Material supplied |
== == ==
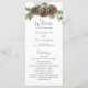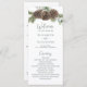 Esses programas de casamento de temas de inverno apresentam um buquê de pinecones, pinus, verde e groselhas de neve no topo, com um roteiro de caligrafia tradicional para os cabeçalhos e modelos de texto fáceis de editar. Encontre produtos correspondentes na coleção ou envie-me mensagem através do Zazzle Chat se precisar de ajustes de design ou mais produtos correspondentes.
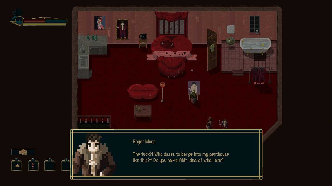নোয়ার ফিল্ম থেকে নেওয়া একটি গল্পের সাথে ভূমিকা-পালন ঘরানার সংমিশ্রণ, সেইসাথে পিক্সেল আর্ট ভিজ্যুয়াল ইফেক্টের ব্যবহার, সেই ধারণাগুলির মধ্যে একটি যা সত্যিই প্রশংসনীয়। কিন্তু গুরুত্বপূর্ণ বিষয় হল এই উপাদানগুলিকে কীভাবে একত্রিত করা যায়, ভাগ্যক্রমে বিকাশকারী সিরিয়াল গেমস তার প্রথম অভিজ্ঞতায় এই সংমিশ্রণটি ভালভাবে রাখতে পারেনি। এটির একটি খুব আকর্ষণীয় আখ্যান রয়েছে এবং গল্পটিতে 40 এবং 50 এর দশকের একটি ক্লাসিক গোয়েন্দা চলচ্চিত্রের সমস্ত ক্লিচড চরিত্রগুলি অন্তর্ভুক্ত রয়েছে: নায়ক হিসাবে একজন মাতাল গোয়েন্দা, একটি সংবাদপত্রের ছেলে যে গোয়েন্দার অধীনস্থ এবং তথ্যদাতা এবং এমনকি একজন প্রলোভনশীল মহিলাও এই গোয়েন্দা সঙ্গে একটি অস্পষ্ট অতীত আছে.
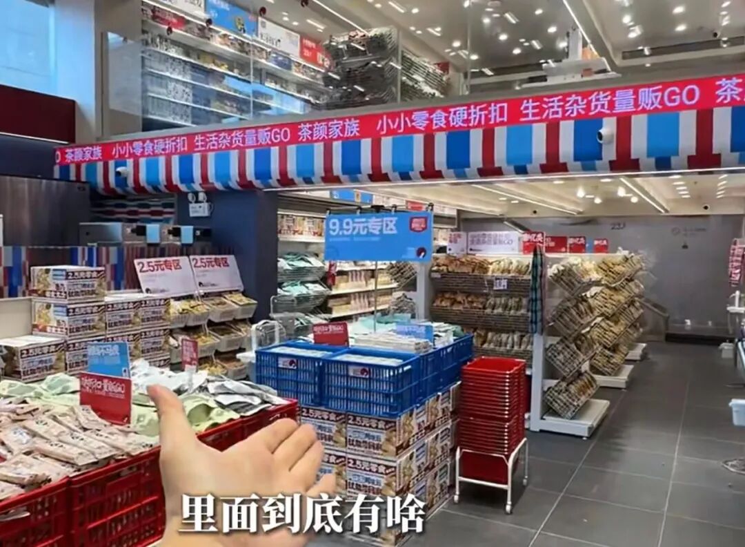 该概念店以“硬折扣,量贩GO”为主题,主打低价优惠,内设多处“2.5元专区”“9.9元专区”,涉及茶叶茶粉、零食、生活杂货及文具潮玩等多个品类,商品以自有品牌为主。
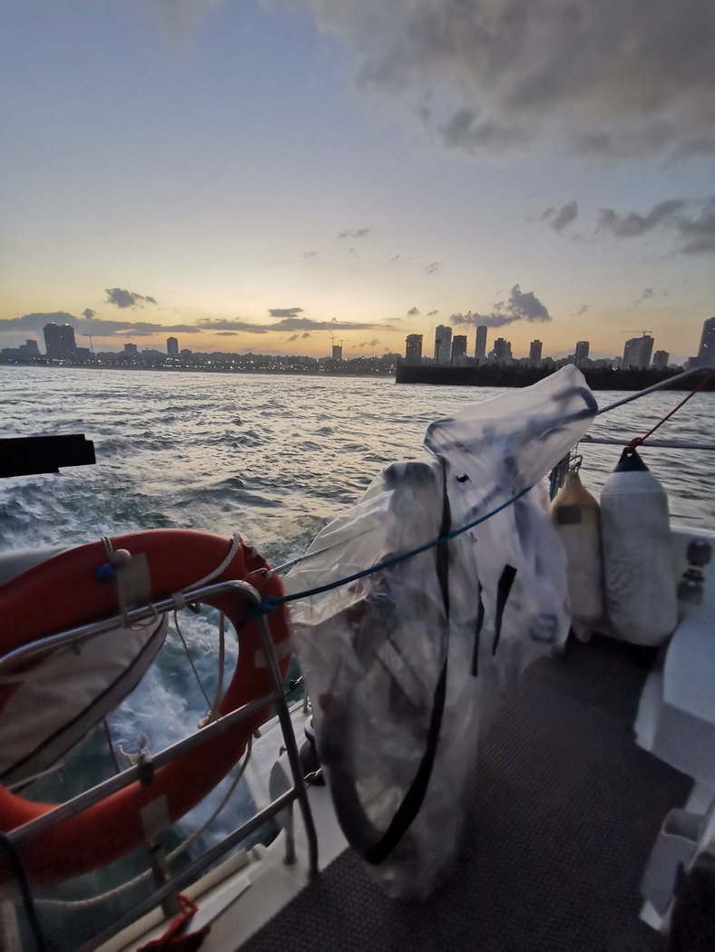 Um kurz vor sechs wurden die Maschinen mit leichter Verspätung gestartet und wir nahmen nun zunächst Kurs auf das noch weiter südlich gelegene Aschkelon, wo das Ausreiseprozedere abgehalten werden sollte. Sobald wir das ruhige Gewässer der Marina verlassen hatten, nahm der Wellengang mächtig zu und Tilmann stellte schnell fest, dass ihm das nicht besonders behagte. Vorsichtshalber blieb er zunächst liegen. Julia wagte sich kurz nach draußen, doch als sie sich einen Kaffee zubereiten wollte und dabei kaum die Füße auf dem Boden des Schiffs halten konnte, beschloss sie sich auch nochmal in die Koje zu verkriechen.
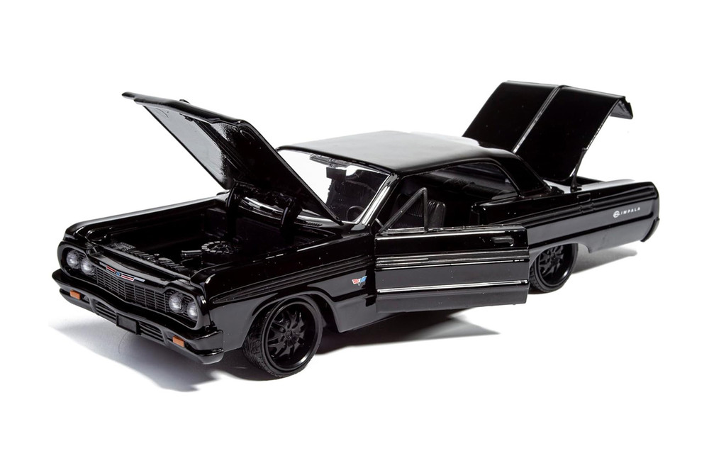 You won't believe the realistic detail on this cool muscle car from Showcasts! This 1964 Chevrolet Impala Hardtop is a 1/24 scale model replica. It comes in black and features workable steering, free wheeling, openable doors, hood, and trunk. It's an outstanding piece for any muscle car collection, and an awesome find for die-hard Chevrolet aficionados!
== == ==
Produce the full material again verbatim, with the pictures dropped.

Your response |
 Esses programas de casamento de temas de inverno apresentam um buquê de pinecones, pinus, verde e groselhas de neve no topo, com um roteiro de caligrafia tradicional para os cabeçalhos e modelos de texto fáceis de editar. Encontre produtos correspondentes na coleção ou envie-me mensagem através do Zazzle Chat se precisar de ajustes de design ou mais produtos correspondentes.
নোয়ার ফিল্ম থেকে নেওয়া একটি গল্পের সাথে ভূমিকা-পালন ঘরানার সংমিশ্রণ, সেইসাথে পিক্সেল আর্ট ভিজ্যুয়াল ইফেক্টের ব্যবহার, সেই ধারণাগুলির মধ্যে একটি যা সত্যিই প্রশংসনীয়। কিন্তু গুরুত্বপূর্ণ বিষয় হল এই উপাদানগুলিকে কীভাবে একত্রিত করা যায়, ভাগ্যক্রমে বিকাশকারী সিরিয়াল গেমস তার প্রথম অভিজ্ঞতায় এই সংমিশ্রণটি ভালভাবে রাখতে পারেনি। এটির একটি খুব আকর্ষণীয় আখ্যান রয়েছে এবং গল্পটিতে 40 এবং 50 এর দশকের একটি ক্লাসিক গোয়েন্দা চলচ্চিত্রের সমস্ত ক্লিচড চরিত্রগুলি অন্তর্ভুক্ত রয়েছে: নায়ক হিসাবে একজন মাতাল গোয়েন্দা, একটি সংবাদপত্রের ছেলে যে গোয়েন্দার অধীনস্থ এবং তথ্যদাতা এবং এমনকি একজন প্রলোভনশীল মহিলাও এই গোয়েন্দা সঙ্গে একটি অস্পষ্ট অতীত আছে.
 该概念店以“硬折扣,量贩GO”为主题,主打低价优惠,内设多处“2.5元专区”“9.9元专区”,涉及茶叶茶粉、零食、生活杂货及文具潮玩等多个品类,商品以自有品牌为主。
 Um kurz vor sechs wurden die Maschinen mit leichter Verspätung gestartet und wir nahmen nun zunächst Kurs auf das noch weiter südlich gelegene Aschkelon, wo das Ausreiseprozedere abgehalten werden sollte. Sobald wir das ruhige Gewässer der Marina verlassen hatten, nahm der Wellengang mächtig zu und Tilmann stellte schnell fest, dass ihm das nicht besonders behagte. Vorsichtshalber blieb er zunächst liegen. Julia wagte sich kurz nach draußen, doch als sie sich einen Kaffee zubereiten wollte und dabei kaum die Füße auf dem Boden des Schiffs halten konnte, beschloss sie sich auch nochmal in die Koje zu verkriechen.
 You won't believe the realistic detail on this cool muscle car from Showcasts! This 1964 Chevrolet Impala Hardtop is a 1/24 scale model replica. It comes in black and features workable steering, free wheeling, openable doors, hood, and trunk. It's an outstanding piece for any muscle car collection, and an awesome find for die-hard Chevrolet aficionados!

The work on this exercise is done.